From the entries below, please output exactly the lines starting at the one containing "Assemble cake: Layer" and ending at the one containing "Như tờ Thoibao.de", both included.

PROVIDED MATERIAL:
--
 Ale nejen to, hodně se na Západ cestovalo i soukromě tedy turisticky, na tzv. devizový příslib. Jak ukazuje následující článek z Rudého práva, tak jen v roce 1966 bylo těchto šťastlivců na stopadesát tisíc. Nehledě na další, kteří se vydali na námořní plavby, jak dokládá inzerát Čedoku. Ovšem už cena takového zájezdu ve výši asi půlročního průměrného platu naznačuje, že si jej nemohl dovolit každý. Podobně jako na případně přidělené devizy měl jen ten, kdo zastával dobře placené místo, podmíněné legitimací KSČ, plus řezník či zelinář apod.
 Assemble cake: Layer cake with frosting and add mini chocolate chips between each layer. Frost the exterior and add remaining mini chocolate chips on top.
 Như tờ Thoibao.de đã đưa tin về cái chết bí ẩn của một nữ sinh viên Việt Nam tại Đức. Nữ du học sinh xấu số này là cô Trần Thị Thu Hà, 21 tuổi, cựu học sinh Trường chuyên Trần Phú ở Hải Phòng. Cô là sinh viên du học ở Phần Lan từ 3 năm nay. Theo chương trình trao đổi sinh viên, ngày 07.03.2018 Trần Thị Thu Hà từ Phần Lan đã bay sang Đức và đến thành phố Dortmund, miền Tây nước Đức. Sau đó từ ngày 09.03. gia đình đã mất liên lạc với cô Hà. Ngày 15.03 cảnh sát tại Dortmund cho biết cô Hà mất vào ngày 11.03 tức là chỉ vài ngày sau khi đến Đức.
--
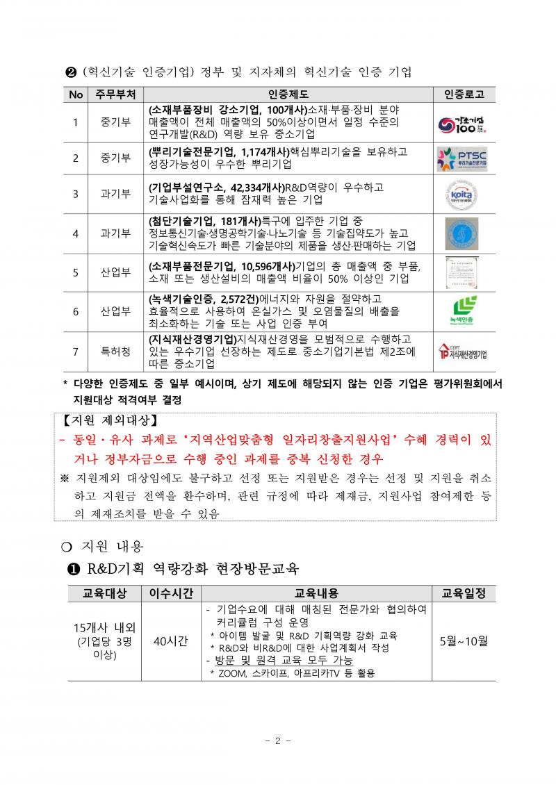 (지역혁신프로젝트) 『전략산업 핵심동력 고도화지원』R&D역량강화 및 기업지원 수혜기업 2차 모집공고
--
COMPLETED EXERCISE:
 Assemble cake: Layer cake with frosting and add mini chocolate chips between each layer. Frost the exterior and add remaining mini chocolate chips on top.
 Như tờ Thoibao.de đã đưa tin về cái chết bí ẩn của một nữ sinh viên Việt Nam tại Đức. Nữ du học sinh xấu số này là cô Trần Thị Thu Hà, 21 tuổi, cựu học sinh Trường chuyên Trần Phú ở Hải Phòng. Cô là sinh viên du học ở Phần Lan từ 3 năm nay. Theo chương trình trao đổi sinh viên, ngày 07.03.2018 Trần Thị Thu Hà từ Phần Lan đã bay sang Đức và đến thành phố Dortmund, miền Tây nước Đức. Sau đó từ ngày 09.03. gia đình đã mất liên lạc với cô Hà. Ngày 15.03 cảnh sát tại Dortmund cho biết cô Hà mất vào ngày 11.03 tức là chỉ vài ngày sau khi đến Đức.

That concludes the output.